Spotify maintains that it does offer fair compensation to artists for their intellectual property and serves as a bridge to give would-be illegal downloaders a legal alternative to piracy. Spotify co-founder Daniel Ek writes that Spotify is “working day and night to recover money for artists and the music business that piracy was stealing away.”

Portnow’s question is a good one to ask though, and researchers are trying to find out.
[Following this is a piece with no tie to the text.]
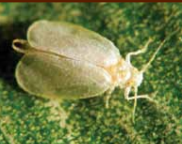
Giant Whitefly (Aleurodicus dugesii)

A recent study by Luis Aguiar and Joel Waldfogel, “Streaming Reaches Flood Stage: Does Spotify Stimulate or Depress Music Sales?,” found that while Spotify pays a price that fully compensates artists for lost revenue from consumers who switch from buying music to listening on Spotify, it doesn’t help artist recoup earnings from consumers switching from pirating music illegally to Spotify.
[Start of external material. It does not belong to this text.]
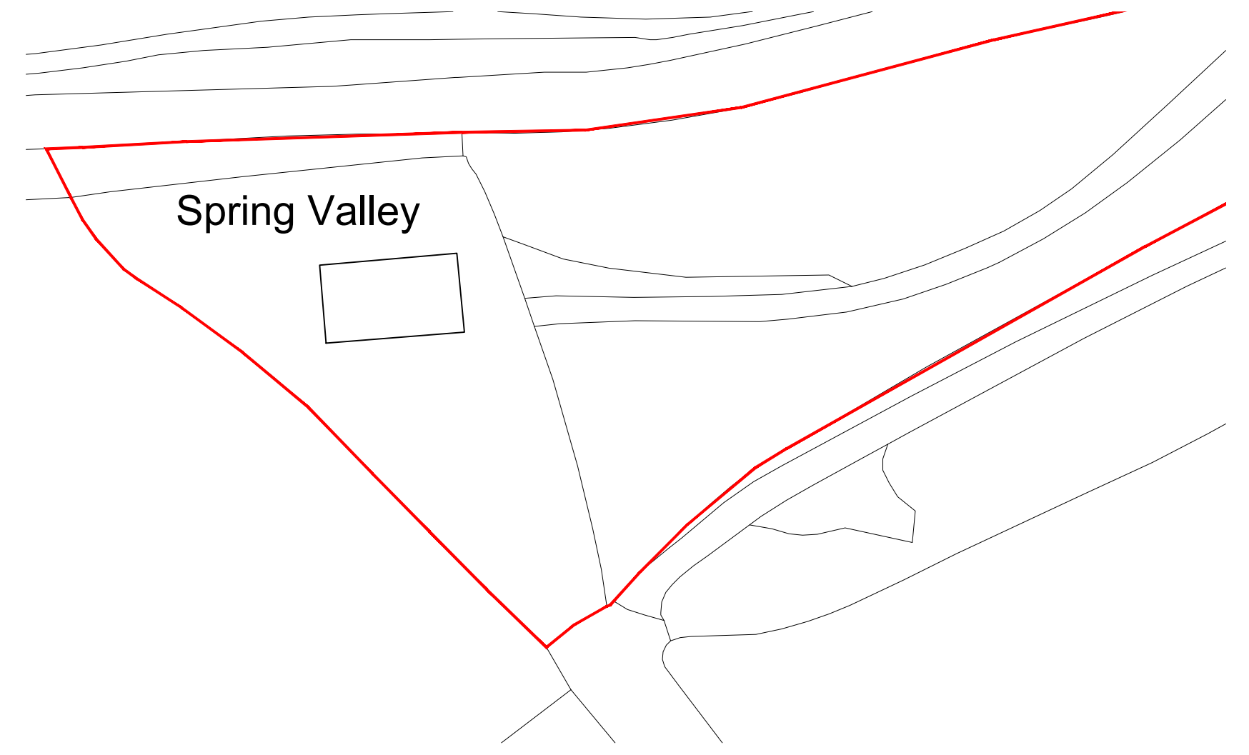
SITE BLOCK PLAN

Using data derived from Spotify’s published top-50 charts and comparing to sales in various places where Spotify was in the process of being introduced, Aguiar and Waldfogel apply a methodology that utilizes a natural experiment to estimate the substitution effect between streaming services and sales.

They find that for every 137 plays a song gets on Spotify, the rate of song purchases on a CD or via a service like iTunes goes down by one. After the CD manufacturer and iTunes take their cut, that purchaser pays artists an average of 82 cents per song. Spotify pays royalties of just under a penny each time the song is played, usually between 0.6 cents and 0.9 cents (I’ll round to 0.7 cents). So revenue from 137 plays on Spotify adds up to approximately 96 cents by the time it displaces a song purchase, roughly comparable to the estimated 82-cent loss in revenue for artists from the displaced purchase.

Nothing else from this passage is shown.